**Goal of the exercise**
Please give back the listing below word for word, without the images.

**Source information**
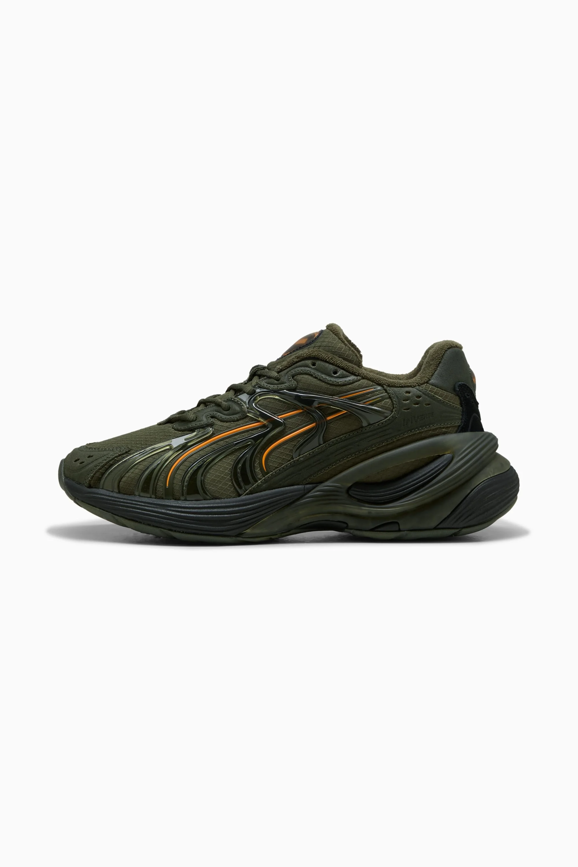 PRODUCT STORY Say hello to the Inverse, our most progressive silhouette yet. Inverse pushes the boundaries of art and science. To create Inverse, PUMA’s designers looked to AI technology to remix and reshape a new silhouette inspired by our Inhale sneakers. The result is a never-before-seen design that challenges the norm. Expressive lines, mixed mediums, and asymmetrical shapes combine in this new venture into the future. FEATURES & BENEFITS - ProFoam Lite: Lightweight EVA designed to cushion your landing and propel your next step DETAILS - Style: 402343_01 - Color: Green Moss-Dark Olive-Pumpkin Pie - Regular width - Textile upper - Leather overlays with debossed patterns on toe, eyestay and heel - Lace closure - Mesh tongue - Mesh lining - Comfortable EVA midsole - Rubber outsole - PUMA branding details MATERIAL INFORMATION - Upper: 45.18% Leather - cow, 38.27% Textile, 16.55% Synthetic
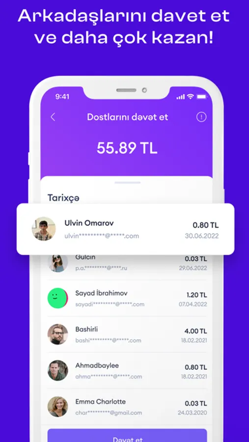 ARKADAŞLARINIZI DAVET EDİN, onlar 20 TL bonus, sizse onların her alışından %5 ekstra cashback kazanın!
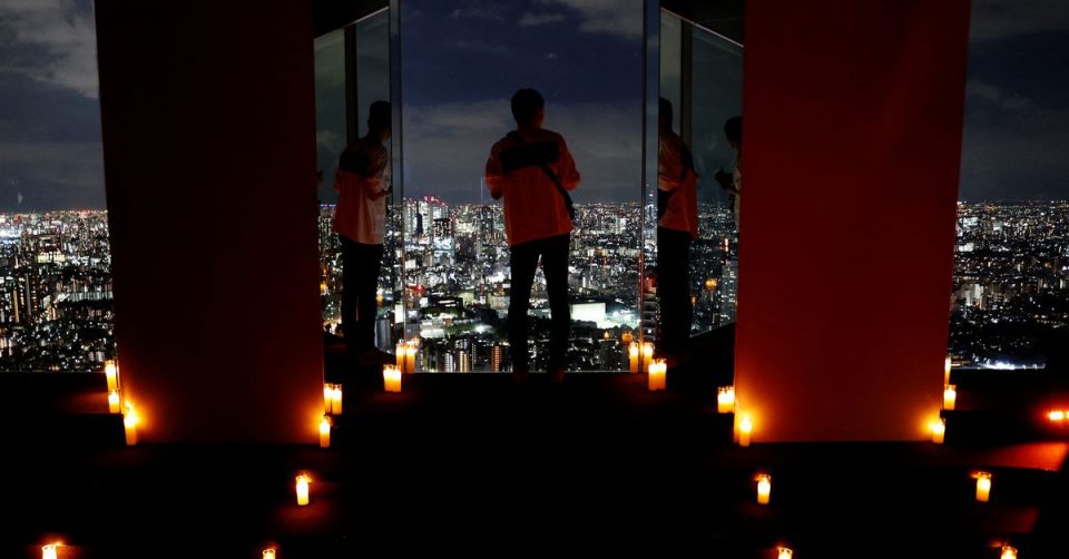 Visitors take photos with Tokyo’s night view during “totally dark time” event, in which all electric lights are out and candlelight is used instead, at Sunshine City’s Observatory after COVID-19 controls were eased, in Tokyo, Japan, October 15, 2021. REUTERS/Kim Kyung-Hoon
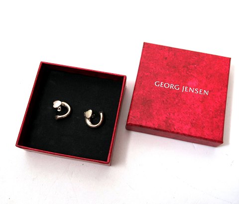 Par Georg Jensen ørestikker af sterling sølv i form af "Mercy" bøjle, afsluttet med hjerte. Ørestikker 15 x 15 mm., samlet vægt ca. 8,5 gr.
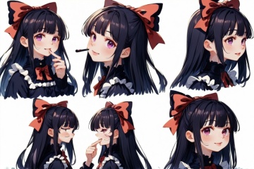 masterpiece, highly detailed, centered, Reference Material, conceptart,multiple views,white background,simple background, multiple views of the same character, (full body:1.5), BREAK PIXIV, 1girl, solo, long hair, smile, bangs, black hair, red eyes, bow, ribbon, purple eyes, hair ribbon, hair bow, blunt bangs, finger to mouth, fashion, hime cut, gothic girl, absurdres, Expressiveh, Ultra HD, 4k image, (from side, front),charactersheet,kidz,pastelmix
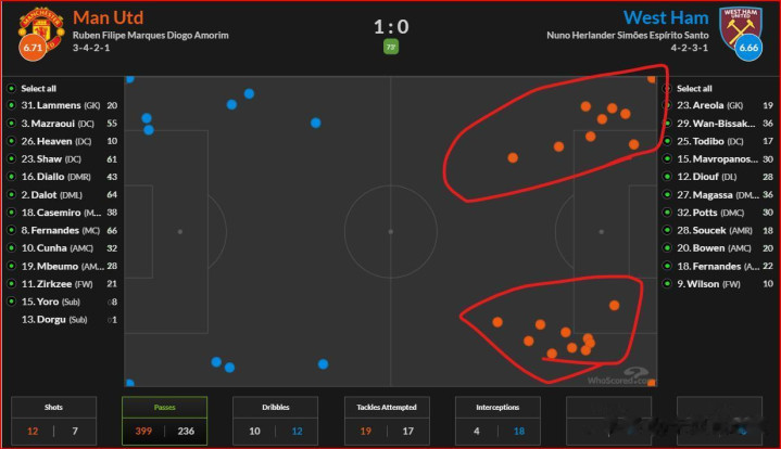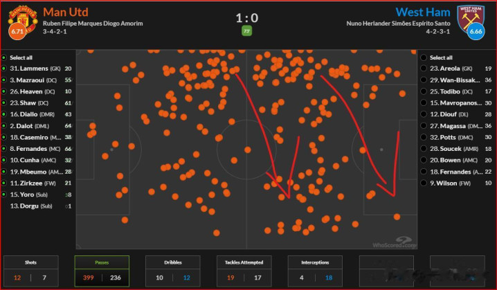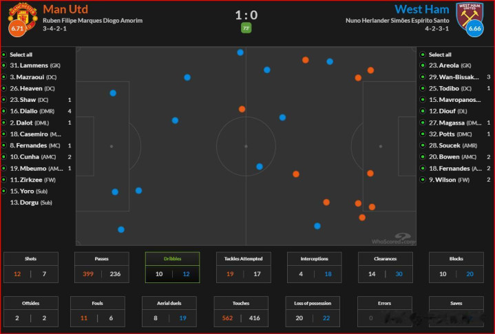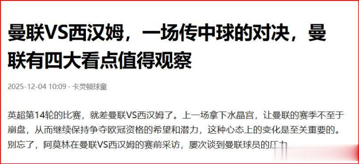 要知谈西汉姆这场比赛11次射门,唯有3次射正,曼联不才半场后半段的限度力,依然存在重大的残障。
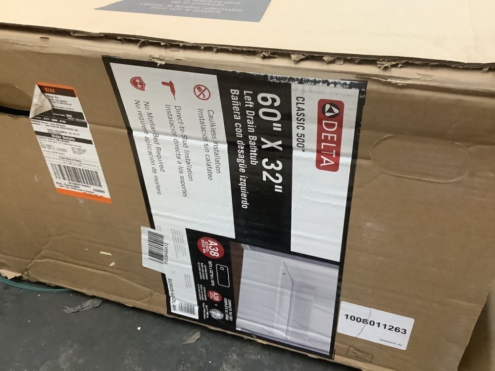 Delta Classic 500 60 in. x 32 in. Alcove Deep Soaking Bathtub with Left Drain in High Gloss White
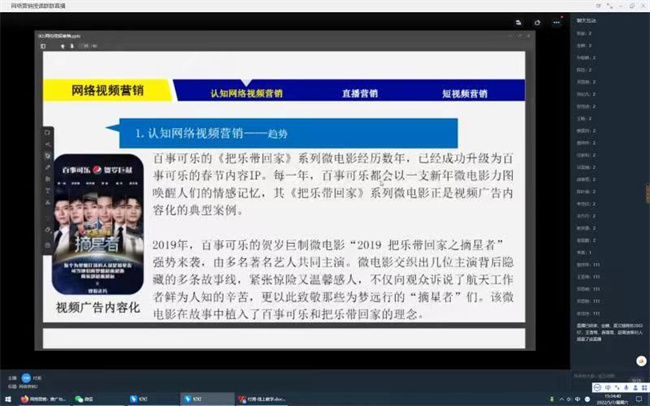 網(wǎng)絡(luò)營(yíng)銷課程中我將思政元素融入到教學(xué)的每個(gè)細(xì)節(jié),在選擇案例時(shí)我在眾多案例選擇能夠激發(fā)同學(xué)們自豪感的案例作為素材。例如在講授視頻營(yíng)銷中采用以中國(guó)航天人員載人飛行作為素材的《摘星者》作為案例,將家國(guó)情懷、親人期許、佳節(jié)團(tuán)圓的期盼等營(yíng)銷元素寓意以產(chǎn)品之中,激發(fā)同學(xué)們的學(xué)習(xí)報(bào)國(guó)的熱情。
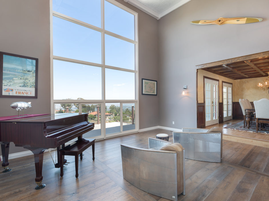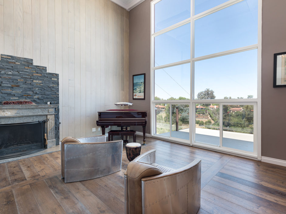 WATCH OUR CINEMA SERIES MOVIENestled up to Sienna Canyon in Miraleste is this unique New York City style home. The horseshoe driveway trots towards the tiled foyer with direct garage access. The pathway glides to bright bamboo floors that breathe in a vast loft space inviting incredible views accompanied by neighboring natural light. The first floor is home to the master retreat, study, and ensuite guest room. The master enjoys rich wood finishes and built-ins, green granite counters, walk-in closet, and views from both bed and bath. The second level is centered by a massive floor-to-ceiling window, fireplace, and immense airspace. The free flowing space soars into the formal living room with wainscoting, coffered ceiling, and French double-doors. The hardwood hallway brings guests to a rustic living room space with an equally intricate detailed gourmet kitchen. Wooden posts, Wolf range, single slab bezeled vanilla bean island, bar seating, matte black counters, stainless steel backsplash, sub zero appliances, plus additional viking oven. The doors open up to a wide glass lined balcony with continuous room for entertaining and breathtaking views that change with time. The downstairs has a jacuzzi that overlooks the sights and is the entrance to a game room getaway. This marvelous area of the home has billiards, projector, pinball, bar, darts, bathroom, kitchenette, and is fully hidden away in plain sight. The backyard gently slopes down to an access trail that the community continually enjoys.
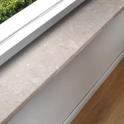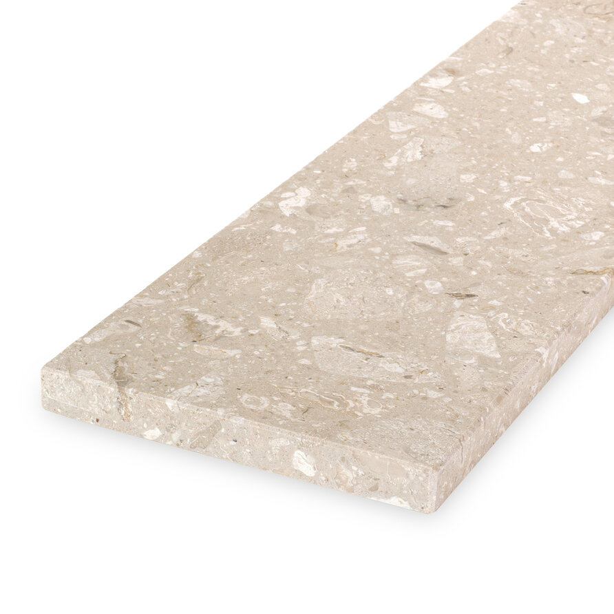 Een sfeervolle perlato marmerlook composiet vensterbank voor binnen, met een warme uitstraling vervaardigd uit hoogwaardig gepolijst (glanzend) marmercomposiet. Een mooie beige/zand kleurtint met grove witte, grijze en bruinachtige tekeningen & accenten. Lees meer
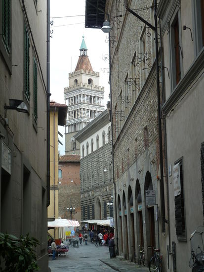 Danach geht es wieder in die Innenstadt, wo heute Markt ist. Daher ist es recht belebt, aber manche Motive werden auch durch Lieferwagen empfindlich beeinträchtigt. Auf der Piazza del Duomo blicken wir zurück auf den Torre di Catilina, links liegt der Palazzo Communale, rechts neben dem Battisterio der Palazzo Pretorio.
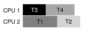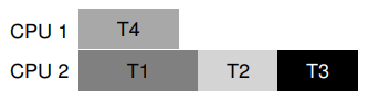 여기서 볼 수 있듯, 정적 스케줄링은 T1, T2, T3가 모두 한 프로세서에서 돌아가게 하고, 따라서 작업이 완료되게 하기 위한 전체 시간을 상당한 수준으로 늘려버리는 보수적인 접근법으로 이어진다. 이러한 작업들을 병행적으로 실행할 수 있었을 것임에도, 데드락에 대한 걱정으로 이를 포기한 것이다. 대가는 성능이다.
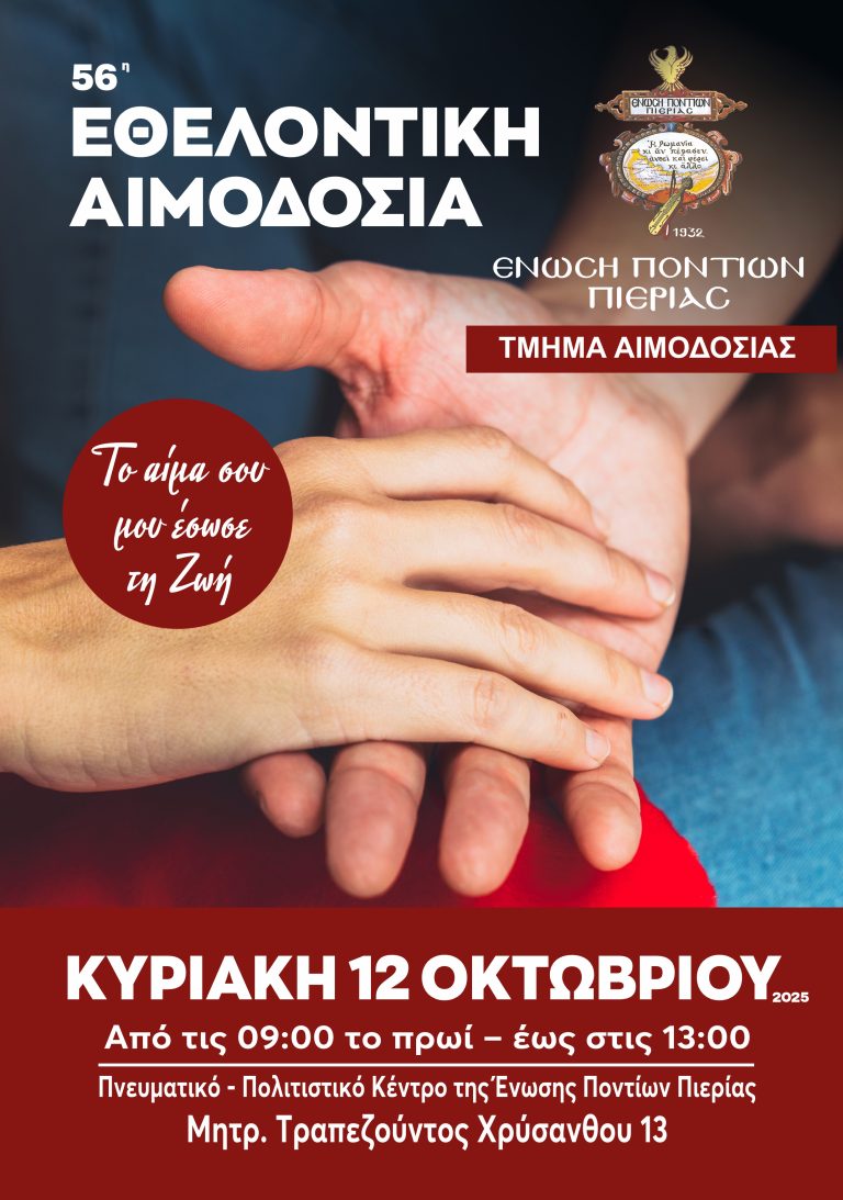 𝚨𝚬𝚴𝚨𝚮 𝚷𝚮𝚪𝚮 𝚨𝚴𝚯𝚸𝛀𝚷𝚰𝚨𝚺: 𝚮 𝟓𝟔𝛈 𝚨𝚰𝚳𝚶𝚫𝚶𝚺𝚰𝚨 𝚬𝚴𝚰𝚺𝚾𝚼𝚺𝚬 𝚳𝚬 𝚯𝚬𝚸𝚳𝚶𝚻𝚮𝚻𝚨 𝚻𝚮𝚴 𝚱𝚶𝚰𝚴𝛀𝚴𝚰𝚱𝚮 𝚷𝚸𝚶𝚺𝚽𝚶𝚸𝚨 𝚻𝚮𝚺 𝚬𝚴𝛀𝚺𝚮𝚺 𝚷𝚶𝚴𝚻𝚰𝛀𝚴 𝚷𝚰𝚬𝚸𝚰𝚨𝚺 Η 56η Εθελοντική Αιμοδοσία της Ένωσης Ποντίων Πιερίας πραγματοποιήθηκε με επιτυχία την Διαβάστε περισσότερα 12 Οκτωβρίου, 2025
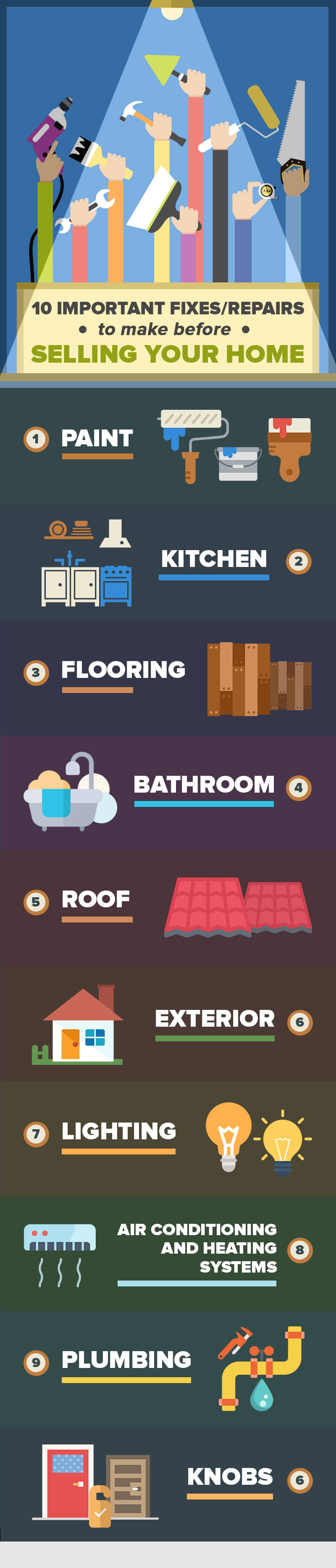 - Knobs – They may seem trivial but buyers could be critical of everything. If something as basic as a door knob is not working, buyers might think that the more important parts of the house are not working too.
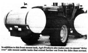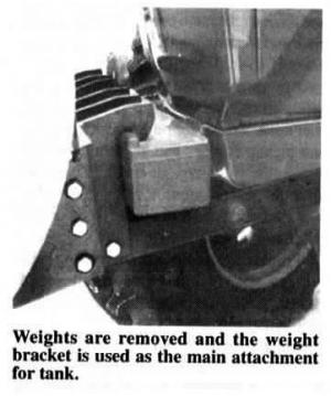 Agri-Products, Inc., York, Neb., has designed an "easy-to-mount" front saddle tank that hooks over the tractor weight brackets, eliminating the need to do a lot of bolting. You remove the weights and use the weight bracket as the main attachment for the tank. The six hooks that slip over the weight brackets are made from 3/4-in. thick steel plate. Side braces bolt to the tractor frame.
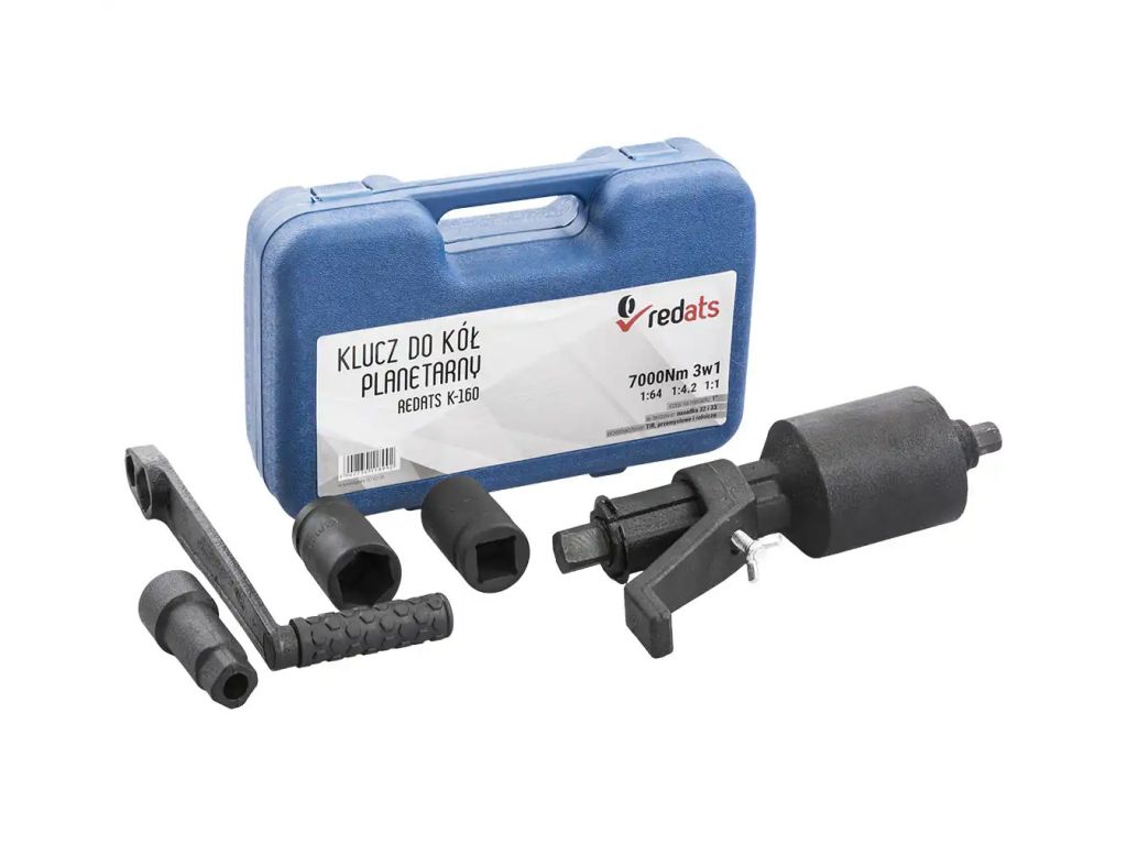 Планетарный ключ для колес REDATS K-180 с максимальным крутящим моментом 1000 Нм и передаточным отношением 1:16 отлично подходит для откручивания и закручивания креплений колес легковых автомобилей и микроавтобусов в дороге и других ситуациях, когда нет доступа к источникам энергии. Оснащен стандартным для легковых авто хвостовиком ½". Благодаря компактному размеру и весу 2,3 кг инструмент удобный в эксплуатации.

**Completed exercise**
 PRODUCT STORY Say hello to the Inverse, our most progressive silhouette yet. Inverse pushes the boundaries of art and science. To create Inverse, PUMA’s designers looked to AI technology to remix and reshape a new silhouette inspired by our Inhale sneakers. The result is a never-before-seen design that challenges the norm. Expressive lines, mixed mediums, and asymmetrical shapes combine in this new venture into the future. FEATURES & BENEFITS - ProFoam Lite: Lightweight EVA designed to cushion your landing and propel your next step DETAILS - Style: 402343_01 - Color: Green Moss-Dark Olive-Pumpkin Pie - Regular width - Textile upper - Leather overlays with debossed patterns on toe, eyestay and heel - Lace closure - Mesh tongue - Mesh lining - Comfortable EVA midsole - Rubber outsole - PUMA branding details MATERIAL INFORMATION - Upper: 45.18% Leather - cow, 38.27% Textile, 16.55% Synthetic
 ARKADAŞLARINIZI DAVET EDİN, onlar 20 TL bonus, sizse onların her alışından %5 ekstra cashback kazanın!
 Visitors take photos with Tokyo’s night view during “totally dark time” event, in which all electric lights are out and candlelight is used instead, at Sunshine City’s Observatory after COVID-19 controls were eased, in Tokyo, Japan, October 15, 2021. REUTERS/Kim Kyung-Hoon
 Par Georg Jensen ørestikker af sterling sølv i form af "Mercy" bøjle, afsluttet med hjerte. Ørestikker 15 x 15 mm., samlet vægt ca. 8,5 gr.
 masterpiece, highly detailed, centered, Reference Material, conceptart,multiple views,white background,simple background, multiple views of the same character, (full body:1.5), BREAK PIXIV, 1girl, solo, long hair, smile, bangs, black hair, red eyes, bow, ribbon, purple eyes, hair ribbon, hair bow, blunt bangs, finger to mouth, fashion, hime cut, gothic girl, absurdres, Expressiveh, Ultra HD, 4k image, (from side, front),charactersheet,kidz,pastelmix
 要知谈西汉姆这场比赛11次射门,唯有3次射正,曼联不才半场后半段的限度力,依然存在重大的残障。
 Delta Classic 500 60 in. x 32 in. Alcove Deep Soaking Bathtub with Left Drain in High Gloss White
 網(wǎng)絡(luò)營(yíng)銷課程中我將思政元素融入到教學(xué)的每個(gè)細(xì)節(jié),在選擇案例時(shí)我在眾多案例選擇能夠激發(fā)同學(xué)們自豪感的案例作為素材。例如在講授視頻營(yíng)銷中采用以中國(guó)航天人員載人飛行作為素材的《摘星者》作為案例,將家國(guó)情懷、親人期許、佳節(jié)團(tuán)圓的期盼等營(yíng)銷元素寓意以產(chǎn)品之中,激發(fā)同學(xué)們的學(xué)習(xí)報(bào)國(guó)的熱情。
 WATCH OUR CINEMA SERIES MOVIENestled up to Sienna Canyon in Miraleste is this unique New York City style home. The horseshoe driveway trots towards the tiled foyer with direct garage access. The pathway glides to bright bamboo floors that breathe in a vast loft space inviting incredible views accompanied by neighboring natural light. The first floor is home to the master retreat, study, and ensuite guest room. The master enjoys rich wood finishes and built-ins, green granite counters, walk-in closet, and views from both bed and bath. The second level is centered by a massive floor-to-ceiling window, fireplace, and immense airspace. The free flowing space soars into the formal living room with wainscoting, coffered ceiling, and French double-doors. The hardwood hallway brings guests to a rustic living room space with an equally intricate detailed gourmet kitchen. Wooden posts, Wolf range, single slab bezeled vanilla bean island, bar seating, matte black counters, stainless steel backsplash, sub zero appliances, plus additional viking oven. The doors open up to a wide glass lined balcony with continuous room for entertaining and breathtaking views that change with time. The downstairs has a jacuzzi that overlooks the sights and is the entrance to a game room getaway. This marvelous area of the home has billiards, projector, pinball, bar, darts, bathroom, kitchenette, and is fully hidden away in plain sight. The backyard gently slopes down to an access trail that the community continually enjoys.
 Een sfeervolle perlato marmerlook composiet vensterbank voor binnen, met een warme uitstraling vervaardigd uit hoogwaardig gepolijst (glanzend) marmercomposiet. Een mooie beige/zand kleurtint met grove witte, grijze en bruinachtige tekeningen & accenten. Lees meer
 Danach geht es wieder in die Innenstadt, wo heute Markt ist. Daher ist es recht belebt, aber manche Motive werden auch durch Lieferwagen empfindlich beeinträchtigt. Auf der Piazza del Duomo blicken wir zurück auf den Torre di Catilina, links liegt der Palazzo Communale, rechts neben dem Battisterio der Palazzo Pretorio.
 여기서 볼 수 있듯, 정적 스케줄링은 T1, T2, T3가 모두 한 프로세서에서 돌아가게 하고, 따라서 작업이 완료되게 하기 위한 전체 시간을 상당한 수준으로 늘려버리는 보수적인 접근법으로 이어진다. 이러한 작업들을 병행적으로 실행할 수 있었을 것임에도, 데드락에 대한 걱정으로 이를 포기한 것이다. 대가는 성능이다.
 𝚨𝚬𝚴𝚨𝚮 𝚷𝚮𝚪𝚮 𝚨𝚴𝚯𝚸𝛀𝚷𝚰𝚨𝚺: 𝚮 𝟓𝟔𝛈 𝚨𝚰𝚳𝚶𝚫𝚶𝚺𝚰𝚨 𝚬𝚴𝚰𝚺𝚾𝚼𝚺𝚬 𝚳𝚬 𝚯𝚬𝚸𝚳𝚶𝚻𝚮𝚻𝚨 𝚻𝚮𝚴 𝚱𝚶𝚰𝚴𝛀𝚴𝚰𝚱𝚮 𝚷𝚸𝚶𝚺𝚽𝚶𝚸𝚨 𝚻𝚮𝚺 𝚬𝚴𝛀𝚺𝚮𝚺 𝚷𝚶𝚴𝚻𝚰𝛀𝚴 𝚷𝚰𝚬𝚸𝚰𝚨𝚺 Η 56η Εθελοντική Αιμοδοσία της Ένωσης Ποντίων Πιερίας πραγματοποιήθηκε με επιτυχία την Διαβάστε περισσότερα 12 Οκτωβρίου, 2025
 - Knobs – They may seem trivial but buyers could be critical of everything. If something as basic as a door knob is not working, buyers might think that the more important parts of the house are not working too.
 Agri-Products, Inc., York, Neb., has designed an "easy-to-mount" front saddle tank that hooks over the tractor weight brackets, eliminating the need to do a lot of bolting. You remove the weights and use the weight bracket as the main attachment for the tank. The six hooks that slip over the weight brackets are made from 3/4-in. thick steel plate. Side braces bolt to the tractor frame.
 Планетарный ключ для колес REDATS K-180 с максимальным крутящим моментом 1000 Нм и передаточным отношением 1:16 отлично подходит для откручивания и закручивания креплений колес легковых автомобилей и микроавтобусов в дороге и других ситуациях, когда нет доступа к источникам энергии. Оснащен стандартным для легковых авто хвостовиком ½". Благодаря компактному размеру и весу 2,3 кг инструмент удобный в эксплуатации.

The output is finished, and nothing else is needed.